Gutfreund knew that a videoconferencing tool was the key component. But as he vetted options for his proposal, he kept running up against the same problem: The high-quality, expensive conferencing apps were often too complex for kids to use, and most were not aimed at tablets.

Eventually he came across Zoom, a Santa Clara, Calif.-based company whose mission is to bring affordable, high-quality, full-featured video meetings to small and midsize businesses and nonprofits.

The quality and breadth of services was attractive to Gutfreund, but Zoom's pricing structure sealed the deal. One-to-one video conferences are free, as well as the first 40 minutes of group meetings up to 25 people. Beyond that, prices start at $9.99 per month for unlimited meetings and minutes.

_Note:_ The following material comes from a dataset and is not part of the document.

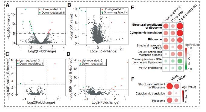 图3、synll染色体贯穿组学剖面分析(BY4741作为对比参照物)设计对细胞生理学的影响很小,只表现为适度的上调。其中trna采用的是去除触发的转译机制(A到D)。如图显示,图A表示的是synII细胞的转录组水平、(B)synII细胞的蛋白组水平、(C和D)synII细胞的代谢组与BY4741细胞对比。在转录组、蛋白质组和代谢组中,差异表达的总数量(P<0.001)也呈现出来,图中对应上调和下调的特征分别用红色和绿色标注。图(E)表示的是通过转录组和蛋白质组在酵母菌中表达的富集途径和表达剖面图,上调的特征用红色标注,下调的特征用绿色标注。图(F)表示的对synII的RNAseq分析和无tRNA序列的基因序列分析。通过添加synII染色体的tRNA阵列。对于(E)和(F)其显著性水平由热图颜色强度和符号大小表示。上调和下调的功能以红色和绿色标注。

Value aside, Zoom has won over many users since its 2012 beta launch (and 2013 public launch) for its ability to sync participants seamlessly through iPhones, Android phones, tablets, Macs and PCs (whether they're hooked up via Wi-Fi or a cellular network).

According to Nick Chong, Zoom's head of product marketing, the company has hosted 350,000 online meetings with about 1 million participants. The service's quick adoption and global traction helped it secure a $6 million Series A funding round in January from Qualcomm Ventures, Yahoo co-founder Jerry Yang and WebEx co-founder Subrah Iyar.

Flush with cash, Zoom has set its sights on expanding into education and becoming the go-to tool for small businesses. "If you look at the market, small businesses are not well served by enterprise or consumer products," Chong says. "At the low end there is Skype and Google Hangouts, which is great, but the quality is not that good. The goal is to bring high-quality collaboration to the masses."

Officials with iPractical's e-school client report that they expect to spend just several hundred dollars a year on videoconferencing fees.

For Gutfreund, the platform-agnostic solution "turned out to be the good answer for having a good meeting."